Challenge Response: This Is Not a Person

Posted: March 17, 2011 by Alan Shlemon in Do the Right Thing, Weekly Challenge

Here’s my response to this week’s challenge:

Comments
  1. Sam says:

    The picture doesn’t deny that the fertilized egg is human. It just denies that it is a person. So whoever came up with that picture might respond to you by agreeing with your distinction between the kind of thing something is and its level of development. And they might say that a fertilized egg is human, but it has not reached the personal stage of its development, and is therefore not a person, just as the picture says.

    I know the folks at STR don’t distinguish between a human and a person, but since it seems like much of the pro-choice community does, we ought to development some arguments. In most discussions, “persons” are always defined as beings that have certain capacities (e.g. consciousness, volition, etc.). But when it comes to the unborn, the definition seems to change for the pro-life community. In that context, a “person” is a KIND of being that has the potential to develop the capacity for consciousness, volition, etc. It doesn’t actually have to have those properties to be a person as long as it is the kind of being that can develop those properties later on.

    How do we get past this stalemate? After all, we’re just quibbling over the definition of a word, and words are defined by common use. It should be the substance behind the word that matters, not the word itself. So the real question, in my opinion, is whether something must actually BE conscious before it is worthy of protection, or whether something must only have the capacity to develop consciousness before it is worthy of protection.

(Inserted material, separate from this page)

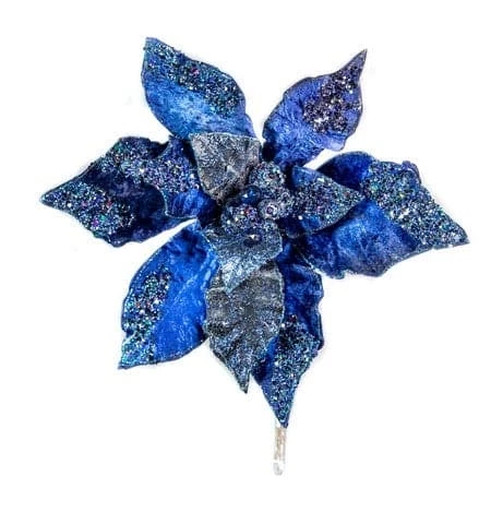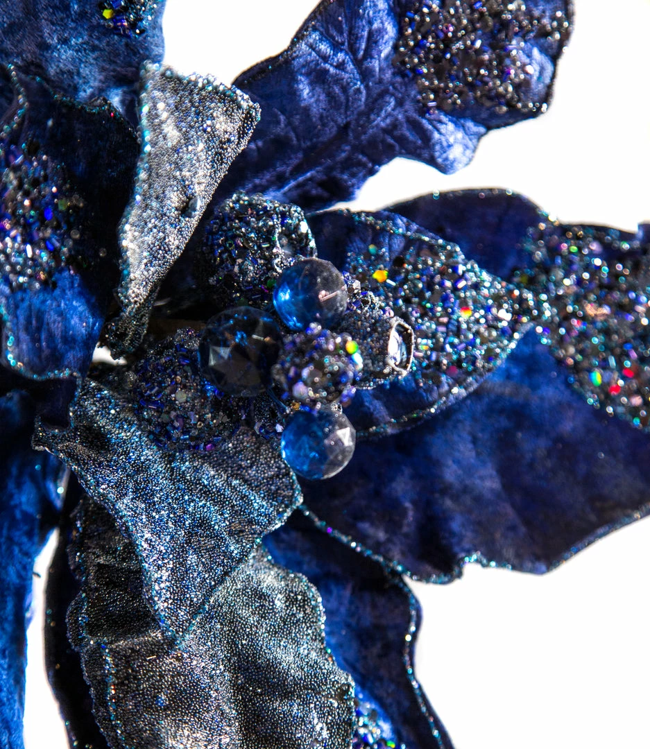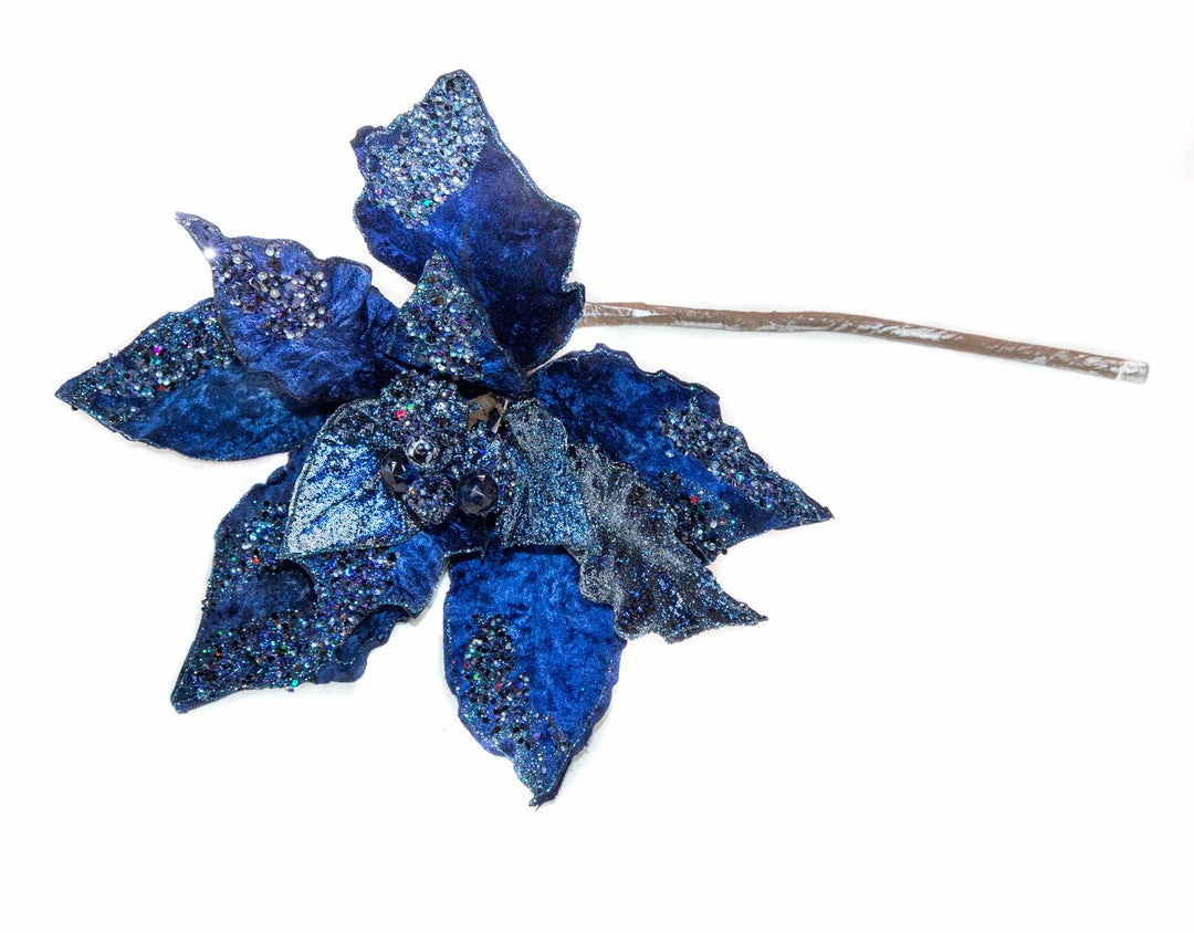 This Sparkling Navy Blue Velvet Artificial Poinsettia Pick is a decorator’s dream Christmas flower. Small and large, layering velour petals join to create a beautiful sparkling poinsettia bloom.

    Or you could just say that “personhood” is irrelevant, and that being human is enough. If so, then you could agree with the point of the pro-choice picture. You could agree with the pro-choice definition of “person” as being a stage of development. You could agree that an embryo is not a person and dismiss the observation as irrelevant since the question is really whether or not its human. After all, the pro-choice picture does not dispute its humanity.

  2. Alan Shlemon says:

    Sam, i know what you are saying, but it’s not entirely clear to me what they are arguing. not everyone who uses the term “person” is making the human/personhood distinction in my experience.

    yes, i believe the distinction between human and person is artificial and when i ask abortion-choice advocates they offer all sorts of qualities that they believe make a human being into a human person. But all the qualities they offer are 1) arbitrary – they can’t explain why those particular qualities are relevant to the question of personhood and 2) their qualities would disqualify born people who share the same differences.

    i posted a video of my friend Scott who makes this point clear:

    Here’s Why Unborn Human Beings Are as Valuable as Adult Human Beings

    i would also argue that making the personhood claim amounts to unjust discrimination because they are disqualifying some human beings from being persons (and therefore kill-able) based on arbitrary qualities (like volition, consciousness, etc. as you mentioned). and this is exactly the same kind of unjust discrimination that occurred with African Americans and Jews. Both of those groups of people were considered human, but not valuable (one could say not persons) based on arbitrary qualities (like skin color and ethnicity). the same kind of unjust discrimination is being done with the unborn and the video i just linked to above explains which arbitrary characteristics they choose and why they are not relevant.